For several years he worked at the Commonwealth Department of Finance and the Attorney-General's Department. He went on to become an adviser to Senator Jacinta Collins, then as Senior Economics Adviser to Victorian Premier Steve Bracks and Commercial Adviser to Victorian Treasurer John Lenders. He has assisted in the Expenditure Review Committee process on two State Budgets. 

Mulino later became an economic adviser to financial services minister Bill Shorten in the Rudd-Gillard governments, working on reforms to flood insurance and mitigation strategies following natural disasters in Queensland. 

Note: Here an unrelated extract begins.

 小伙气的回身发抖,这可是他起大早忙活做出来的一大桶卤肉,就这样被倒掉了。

He also worked as a consultant. At points, this has been through the Private Sector Advisory Services Group of the World Bank and the Board of Governors of the Federal Reserve of the United States. Immediately prior to the 2014 Victorian Election, he was Director of Policy at Pottinger, working on projects to advise the government.

Political career
Mulino became politically active as a shop steward while working at Big W during high school and as a student at Australian National University. While at Yale, he was arrested during peaceful protests for the right of graduates to unionise in the US. In his political career he has served as an elected official at the three levels of government in Australia. 

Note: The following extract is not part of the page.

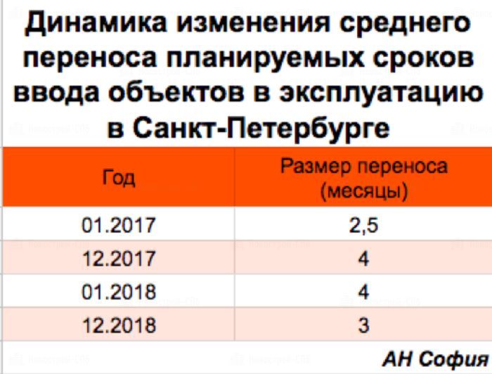 Средний перенос сроков введения жилых проектов рос весь 2017 год, а в 2018 году этот показатель, наоборот, медленно, но сокращался. Так, по данным аналитиков АН «София», с 4 месяцев этот показатель сократился до 3 месяцев.

Mulino was a councillor, deputy mayor and acting mayor at the City of Casey, resigning in 2010.

He moved to state politics, being elected to the Victorian Legislative Council for Eastern Victoria, 2014. Between 2014 and 2018, he served as Parliamentary Secretary for Treasury and Finance in the first Andrews Ministry. He retired prior to the state election of 2018 to run for a Federal seat.

Entering Federal Politics 
At the 2018 state election Mulino put himself forward for the new federal House of Representatives seat of Fraser at the 2019 federal election. With the backing of the SDA union he won pre-selection for the Labor Party and then won his seat in the election despite a nominal 5.61% swing against Labor, achieving a two-party-preferred margin of 14.18%.

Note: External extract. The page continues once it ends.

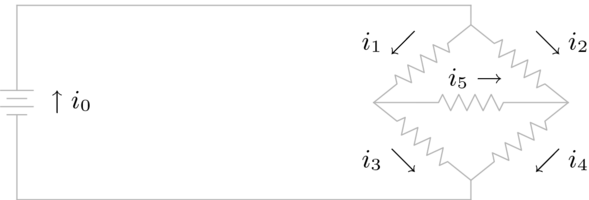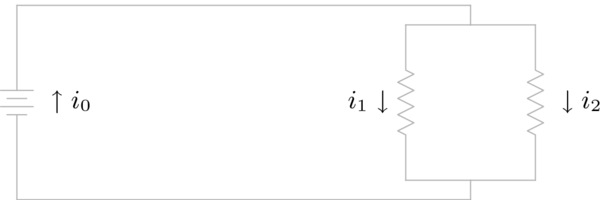 We begin by labeling the branches, shown below. Let the current through the left branch of the parallel portion be and that through the right branch be , and also let the current through the battery be . (We are following Kirchoff's Current Law; for instance, all points in the right branch have the same current, which we call . Note that we don't need to know the actual direction of flow— if current flows in the direction opposite to our arrow then we will simply get a negative number in the solution.)

Joining Government benches 
At the 2022 Australian federal election Mulino won 66.5 of the two-party preferred vote in his seat. With Labor now in government, he was appointed to chair the Standing Committee on Economics, which provides oversight to the Reserve Bank of Australia.

Personal life 
Mulino won the best speaker award at the World University Debating Championships in 1993 in Oxford.

He met his wife Sarah, while volunteering for the Labor Party, "tying ALP balloons to the arms of unsuspecting small children in the Kmart car park." Together, they are raising a daughter. He describes himself as a lapsed Catholic.

References

External links
 Parliamentary voting record of Daniel Mulino at Victorian Parliament Tracker

|-

1969 births
Living people
Australian Labor Party members of the Parliament of Victoria
Labor Right politicians
Members of the Victorian Legislative Council
Australian National University alumni
University of Sydney alumni
Yale University alumni
Politicians from Melbourne
People from Brindisi
Italian emigrants to Australia
Australian politicians of Italian descent
21st-century Australian politicians
Australian Labor Party members of the Parliament of Australia
Members of the Australian House of Representatives
Members of the Australian House of Representatives for Fraser (Victoria)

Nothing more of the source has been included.